Real projects continually evolve, both in content and in format: web sites are redesigned, tools are modified, etc. Research projects may have to track, adapt to, and reflect these changes. This can cause problems at many of the previous levels, as access rights can be modified, formats can change and links can be created or removed. In addition, trajectories of evolution themselves are actually an important object of study for some empirical software researchers. The central issue for this paper is how to adhere to the essential characteristics given above (such as the needs for testable, repeatable, and comparable results) while reacting to and/or managing this evolution.

Addressing These Issues

The main objective of a research infrastructure is to address community-wide resource issues in community-specific way [13]. For F/OSS research, the objective is to improve the collective productivity of software research by lowering the access cost and effort for data that will address the critical questions of software development research. In this section we offer some possible approaches to such an infrastructure, by first briefly describing each ``component'', and then considering its benefits and drawbacks.

Representation Standards

One of the broadest approaches to common infrastructure is the use of representation standards [13]. Such standards would move some issues of cross-source data normalization forward in the process that produces F/OSS projects' information. For example, standard internal formats for objects such as bug reports could eliminate many internal differences between Bugzilla, Scarab, Gnats, etc., fostering simpler cross-analysis of data from these various repositories. Such representation standards would also facilitate exchange of data and/or processing tools within the F/OSS research community. For example, as part of our investigation of F/OSS bug reporting/resolution processes [9], we developed a general XML schematization of bug reports, derived from (but more general than) the Bugzilla internal database schema, and designed as a normalization target and translation medium for multiple types of bug reports from different systems [8]. Issues include the difficulty of developing, promulgating, maintaining, and enforcing such standards.

Metadata

The use of metadata permits researchers to identify relevant characteristics of specific data collections. Metadata can serve numerous roles in the organization and access of scientific data and documents, including roles in location, identification, security/access control, preservation, and collocation [12]. Standardization of metadata and addition of metadata to F/OSS information repositories, especially at the point of creation, would let the research community identify much more easily the data used in each study, understand and compare data formats, and would also simplify the selection process, by making visible critical selection information. Fortunately, some metadata creation can be automated; unfortunately, representation standards are also an issue for metadata.

Tools

Tools could potentially be developed to address each of the issues reviewed in the previous section.

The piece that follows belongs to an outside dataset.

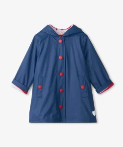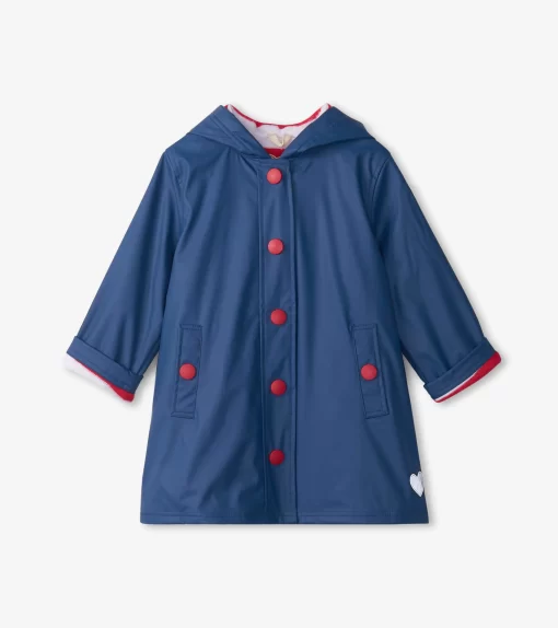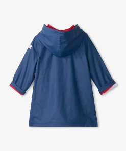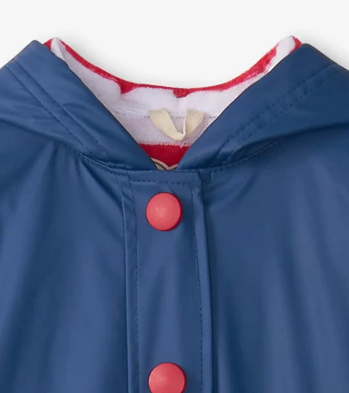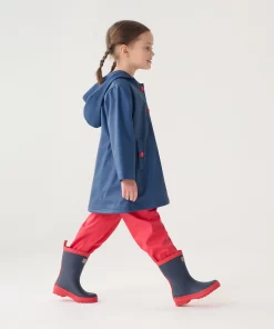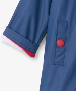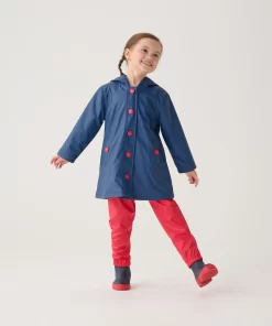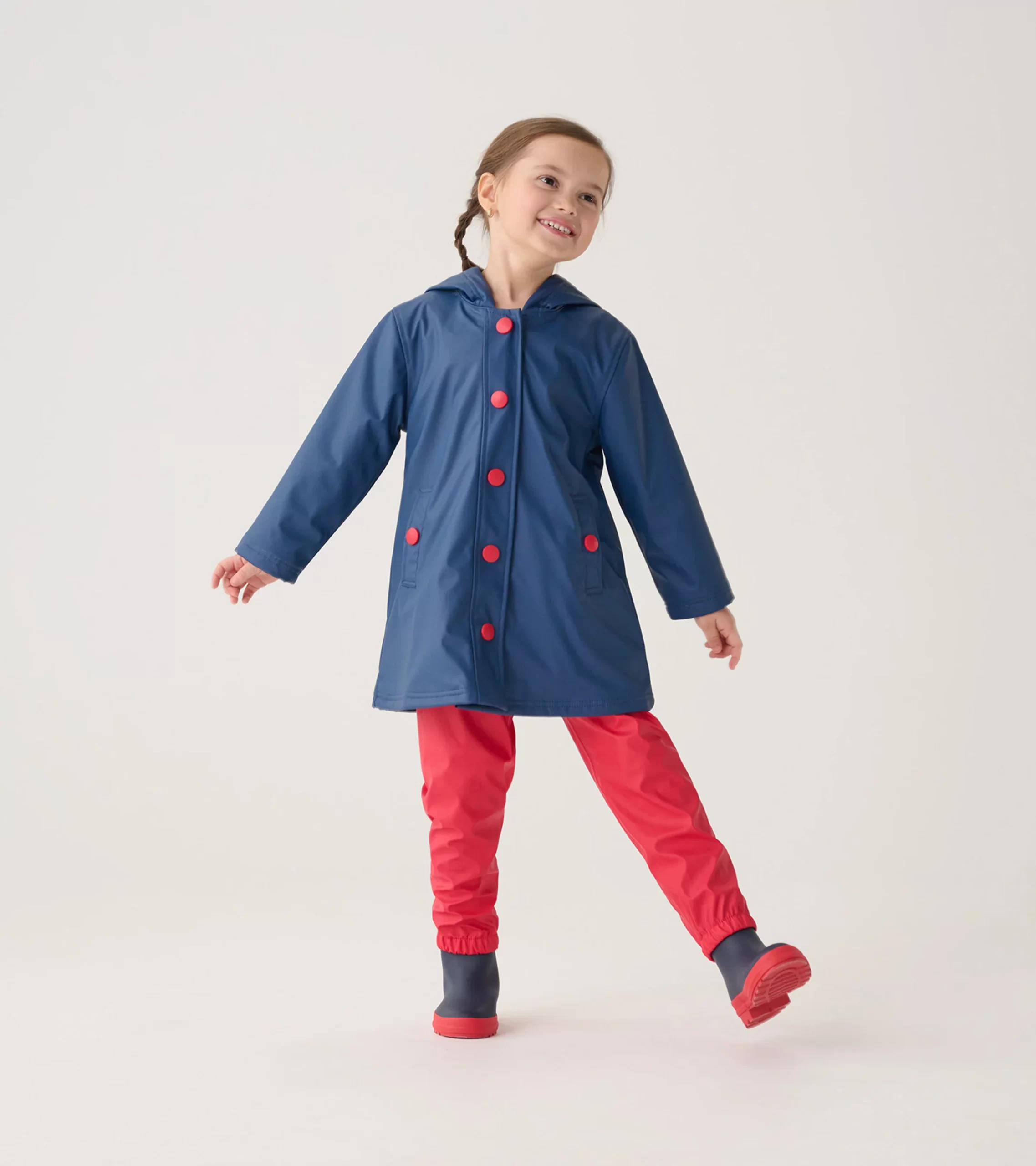 This navy and red water-resistant raincoat is the perfect attire for any rainy day outing! Whether it be for splashing through puddles or dancing in the rain, our PVC-free design offers ultimate splash protection and comfort, while the durable construction ensures long-lasting use.

Some such tools already partially exist in a generic form or are developed as needed by research groups. Tools such as web-scrapers that gather data, entity extractors that mine for specific entities like people and dates, or cross-references that link multiple information sources of a single project are commonly developed from scratch in each research effort. These tools are part of the basic toolbox of almost every empirical F/OSS researcher and could easily be provided as such. In fact, several nascent efforts are already underway to produce such tools (e.g. [6]).

Another contribution of a research infrastructure could be to place research data access and manipulation tools upstream, directly within software development tools used by the F/OSS community (e.g., CVS, Subversion, Bugzilla), instead of requiring sometimes-tedious and potentially risky post processing. For example, in most cases, F/OSS tools rely on databases for data storage and manipulation. These databases contain valuable information that is often lost during the translation to a web-visible front-end. (Usually the front-ends rely on web interfaces that display information in a user-friendly fashion but drop important structure in the process). Access to the underlying database can be much more valuable (and in many cases easier) than the current techniques of web-scraping that must recreate such missing relations post-hoc, and may not be successful.

Centralized Data Repositories (CDRs)

Gathering specific snapshots of raw data and making them available to the research community from a controlled ``cleanroom'' location could provide benchmark data for comparative analyses and measurement of progress--a type of infrastructure that has proven invaluable in other disciplines. It would ensure that data parameters stay constant across studies, and through evolutionary stages of projects. Moreover, it might be easier in many cases to get a snapshot from such a repository than to go through all the steps of collecting the data directly from an F/OSS community. The CDR approach can have advantages of control, organization, and data persistence. However, this approach also raises the issues of data selection and maintenance. As with any managed information collection, CDRs would need selection policies to detail which materials from projects, tools and communities would be chosen for inclusion, and why [2]. The F/OSS community is already too large to attempt building practical evolving archives of all F/OSS projects (if such a notion were even meaningful). Selection necessarily induces bias, but careful selection would foster research on a shared body of data, possibly leading to more reliable findings. Second, preservation policies need development as F/OSS data is evolving quickly and collections will have to be maintained.

Federated Access

Federating access is another approach to facilitating information sharing without making many redundant copies of original data, while maintaining local control over data access and organization. A central federation repository collects only metadata, and uses it to provide common-framework access to a variety of underlying sources. Federation has the advantages of distributed sharing, such as trading off lightweight central representations and sophisticated search infrastructure, against local data maintenance, information preservation, and access control.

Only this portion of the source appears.